Rodney Walker

Personal information
- Full name: Rodney Stephen Walker
- Born: 5 July 1949 (age 76) Christchurch, New Zealand

Playing information
- Position: Loose forward
Club
| Years | Team | Pld | T | G | FG | P |
|  | Papanui |  |  |  |  |  |
Representative
| Years | Team | Pld | T | G | FG | P |
| 1968–77 | Canterbury | 50 |  |  |  |  |
| 1969–73 | Southern Zone |  |  |  |  |  |
| 1969–72 | New Zealand | 6 | 0 | 0 | 0 | 0 |
| 1974 | South Island |  |  |  |  |  |

Coaching information
Club
| Years | Team | Gms | W | D | L | W% |
| 1975–76 | Papanui |  |  |  |  |  |
- Source:

= Rodney Walker (New Zealand) =

New Zealand international rugby league footballer and coach

Rodney Walker (born 5 July 1949) is a New Zealand former professional rugby league footballer who represented New Zealand in the 1972 World Cup.

==Playing career==
Walker played for the Papanui club in the Canterbury Rugby League competition. He was a Schoolboy Kiwi in 1964 and captained the New Zealand Colts in 1969 on a tour of New South Wales.

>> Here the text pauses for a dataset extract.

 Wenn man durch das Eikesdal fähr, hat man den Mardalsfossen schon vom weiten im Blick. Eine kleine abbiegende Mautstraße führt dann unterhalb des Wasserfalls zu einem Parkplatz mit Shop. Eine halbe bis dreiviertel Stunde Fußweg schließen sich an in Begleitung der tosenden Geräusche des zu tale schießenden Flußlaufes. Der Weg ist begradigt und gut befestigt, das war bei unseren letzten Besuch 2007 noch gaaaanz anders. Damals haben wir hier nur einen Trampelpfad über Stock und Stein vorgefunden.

He represented Canterbury and Southern Zone. He played in 50 provincial games for Canterbury between 1968 and 1977, including 44 consecutive appearances. He was the first Canterbury player to reach the 50 mark and captained Canterbury in 1970.

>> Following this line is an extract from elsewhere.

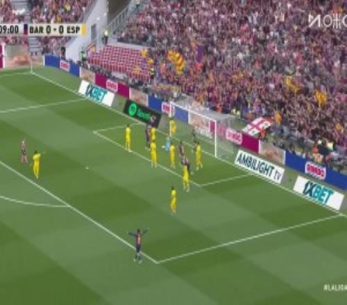 下半場補(bǔ)時(shí)5分鐘,巴薩4-1西班牙人。

Walker was selected for the New Zealand national rugby league team in 1969 and played in six test matches between 1969 and 1972, including at the 1972 World Cup.

In 1974 Walker played for the South Island against the touring Great Britain Lions.

As player-coach, Walker led Papanui to the 1975 and 1976 Canterbury championships.